Es geht nicht nur um Home Office

Die Arbeitswelt verlagert sich also nach Hause?

Auch. Und es geht nicht nur um Home Office. Schauen Sie mal zehn Jahre zurück. Wenn ein Mann da Elternzeit beantragt hat, kamen die Chefs aus dem Kopfschütteln nicht raus. Solche Männer galten als Weicheier. Heute ist es nicht mehr denkbar, dass man einem Mann diese Möglichkeit nicht anbietet.

Karriere ist nicht mehr das Maß aller Dinge ...

Machtstrukturen und vorgezeichnete Karriereschritte – das interessiert die meisten jungen Leute nicht mehr.

Warum?

Die sehen ihre Eltern, die Baby-Boomer, die jetzt so um die 50 sind. Die sind oftmals ausgebrannt, hecheln auf die Rente zu. Das ist für die junge Generation kein erstrebenswertes Modell.

Leistungsorientierung schreckt also eher ab?

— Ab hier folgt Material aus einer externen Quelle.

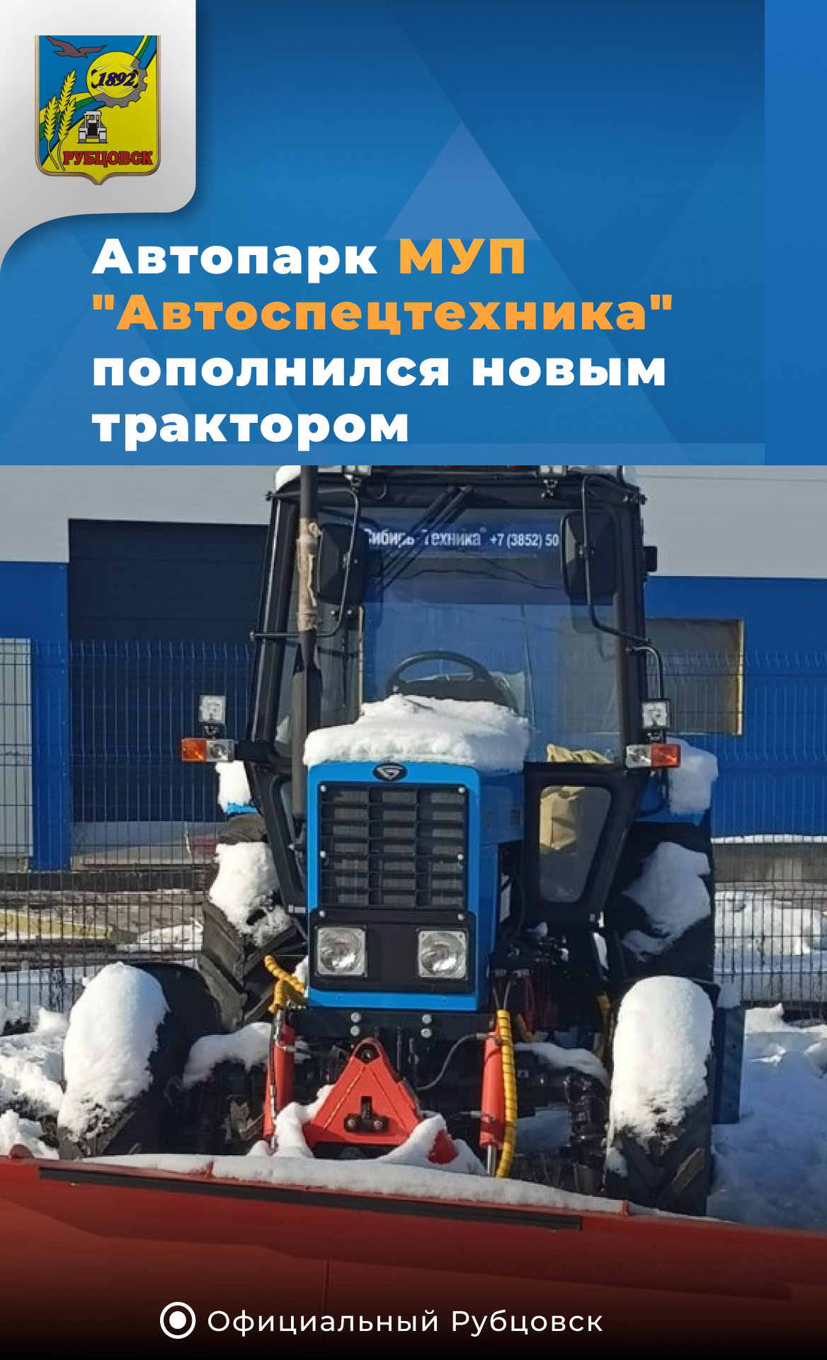 Сегодня парк коммунальной техники города Рубцовска пополнился еще одной единицей - трактором МТЗ 82.1, оснащенным снегоуборочным отвалом и подметальной щеткой.

Nicht unbedingt. Die Jungen wollen nicht nur chillen, die wollen auch Leistung bringen – aber zu ihren Bedingungen. Sie rechnen in einer emotionalen Währung. Je mehr Anreize es neben dem Gehalt gibt, umso besser. Einer unserer Kunden bietet mit Erfolg E-Bikes statt Firmenwagen an.

Welche Rolle spielt Nachhaltigkeit?

Ökologische Nachhaltigkeit vielleicht noch nicht so, aber Nachhaltigkeit in der Firmenkultur. Unternehmen, die ohne Fremdkapital arbeiten oder inhabergeführt sind – das ist total gefragt.

Arbeitsplatzsicherheit?

Die Jungen sind nicht mit dieser Art von Sicherheitsstreben aufgewachsen. Die sagen: Das wird schon irgendwie funktionieren. Und sie wollen selbst bestimmen. Chef-Gängelband und Gutsherren-Art gehen gar nicht. Das richtige Führen ist heute, nicht zu führen, sondern die Fäden geschickt zusammenzuhalten. Mit bloßem Befehlen funktioniert es nicht mehr. Solche Chefs werden von der jungen Generation nicht anerkannt.

Man könnte nun sagen: Der Jugend geht es zu gut.

Diesen Satz können Unternehmen gleich mal streichen. Die Arbeitgeber müssen suchen, nicht die Arbeitnehmer. Für die gilt ein Wünsch-dir-was auf dem Arbeitsmarkt.

Was kommt mit der Generation Z?

Diese Generation ist komplett digitalisiert. Die haben das mit der Muttermilch aufgesogen und werden deshalb noch mal begehrter sein auf dem Arbeitsmarkt. Gerade in der IT-Branche suchen wir ja Arbeitskräfte mit der Lupe.